* TASK GOAL *
Write out, word for word and with no pictures, each line below from the one containing "Описание: Экранизация нескольких" through the one containing "Vestavby vyrábíme i", both included, and no other line.

* DATA EXCERPTS *
——————

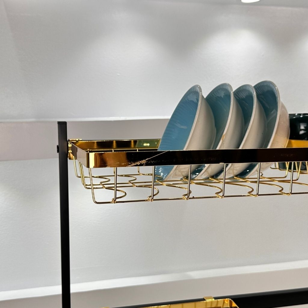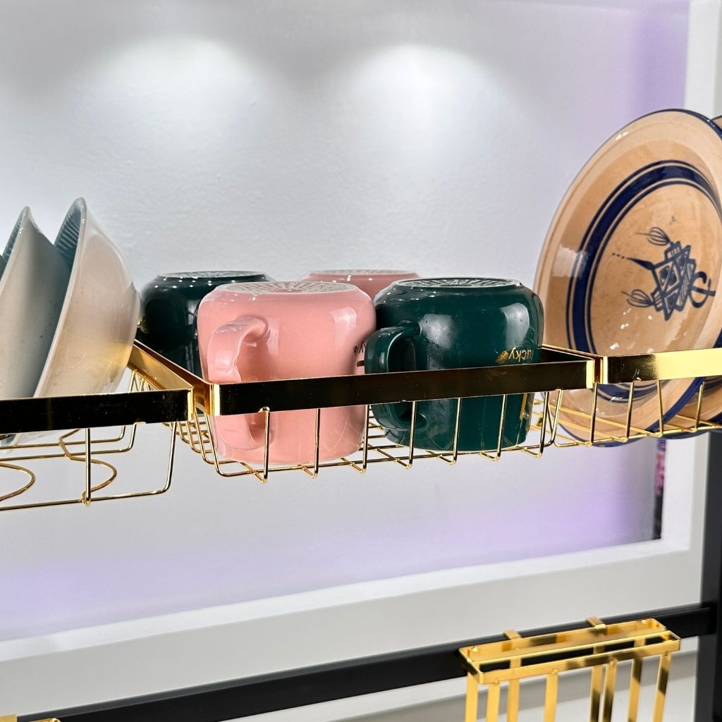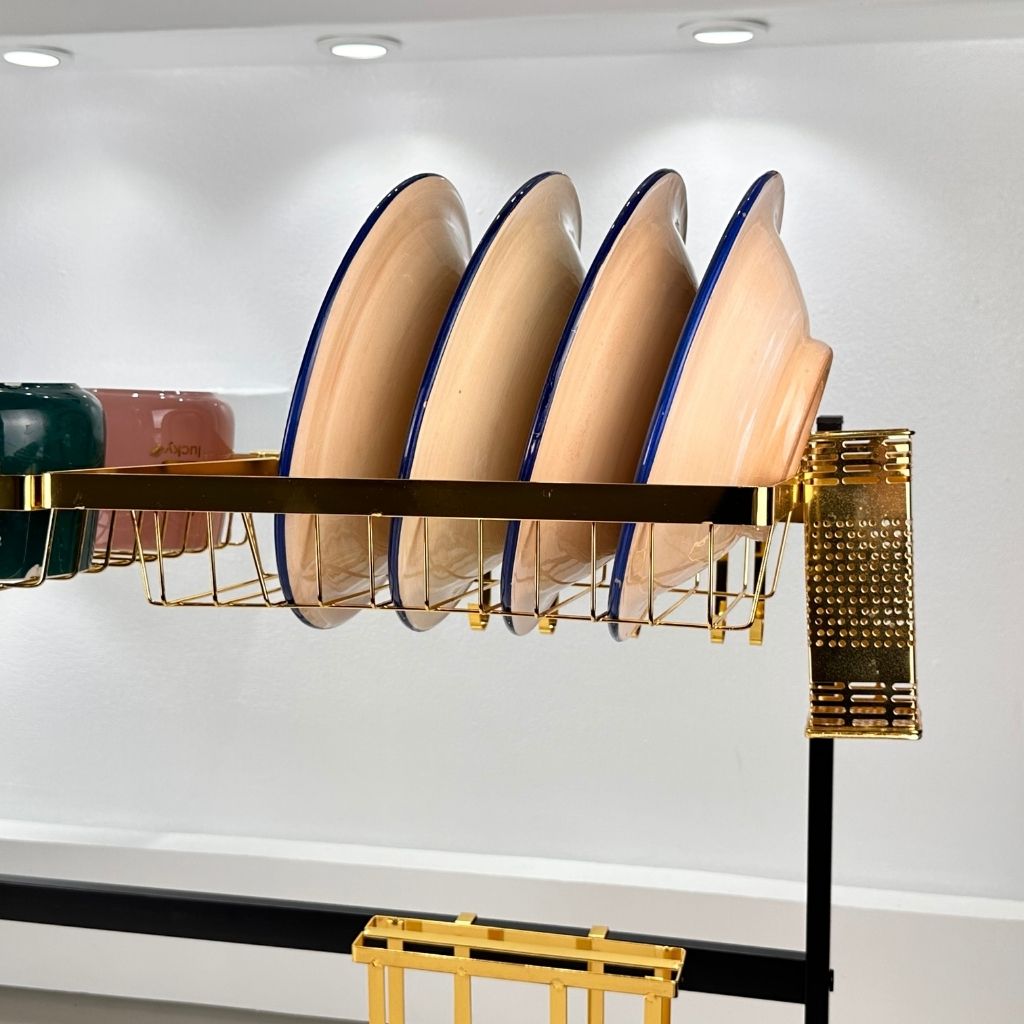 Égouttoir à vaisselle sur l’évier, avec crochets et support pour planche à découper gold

——————

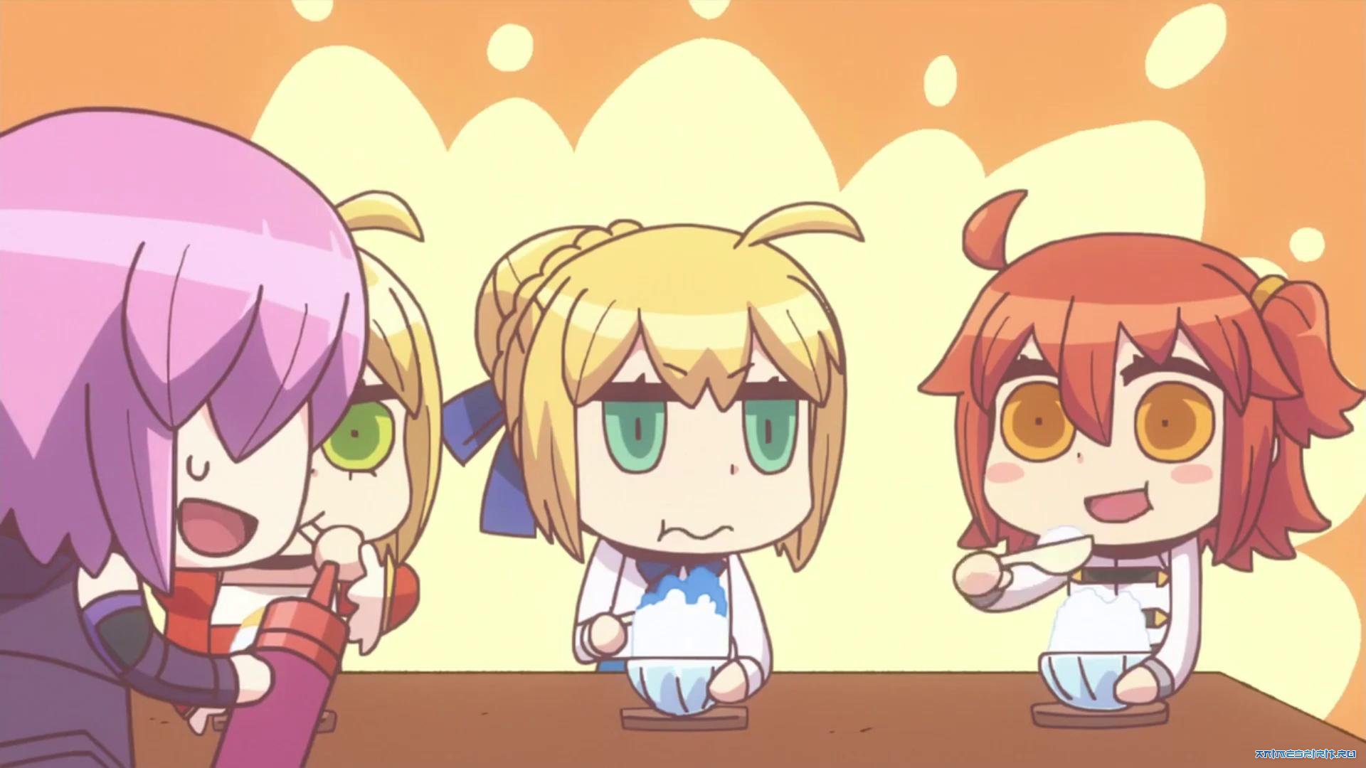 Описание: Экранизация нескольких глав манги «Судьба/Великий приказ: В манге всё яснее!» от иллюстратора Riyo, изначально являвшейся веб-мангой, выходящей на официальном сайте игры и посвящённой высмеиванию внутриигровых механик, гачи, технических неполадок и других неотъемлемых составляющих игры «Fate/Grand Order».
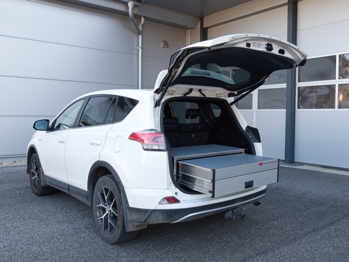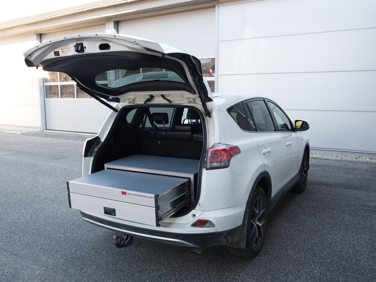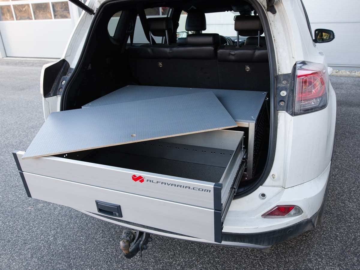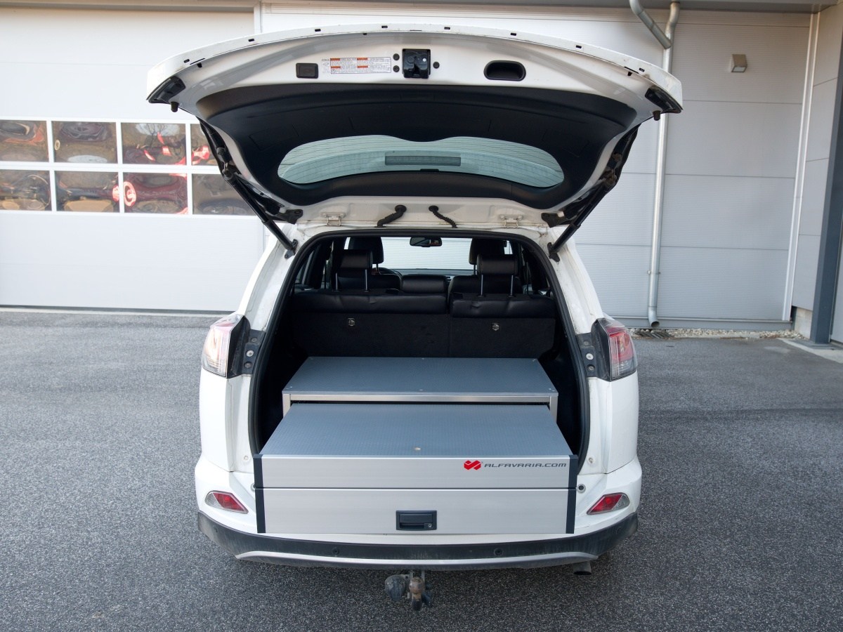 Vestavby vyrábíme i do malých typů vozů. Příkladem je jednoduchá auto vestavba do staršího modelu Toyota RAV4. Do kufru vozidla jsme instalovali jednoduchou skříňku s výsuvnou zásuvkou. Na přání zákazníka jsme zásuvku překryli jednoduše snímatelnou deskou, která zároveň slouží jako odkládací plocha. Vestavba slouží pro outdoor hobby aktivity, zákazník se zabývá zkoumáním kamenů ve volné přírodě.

——————

* THE COMPLETED TASK *
 Описание: Экранизация нескольких глав манги «Судьба/Великий приказ: В манге всё яснее!» от иллюстратора Riyo, изначально являвшейся веб-мангой, выходящей на официальном сайте игры и посвящённой высмеиванию внутриигровых механик, гачи, технических неполадок и других неотъемлемых составляющих игры «Fate/Grand Order».
 Vestavby vyrábíme i do malých typů vozů. Příkladem je jednoduchá auto vestavba do staršího modelu Toyota RAV4. Do kufru vozidla jsme instalovali jednoduchou skříňku s výsuvnou zásuvkou. Na přání zákazníka jsme zásuvku překryli jednoduše snímatelnou deskou, která zároveň slouží jako odkládací plocha. Vestavba slouží pro outdoor hobby aktivity, zákazník se zabývá zkoumáním kamenů ve volné přírodě.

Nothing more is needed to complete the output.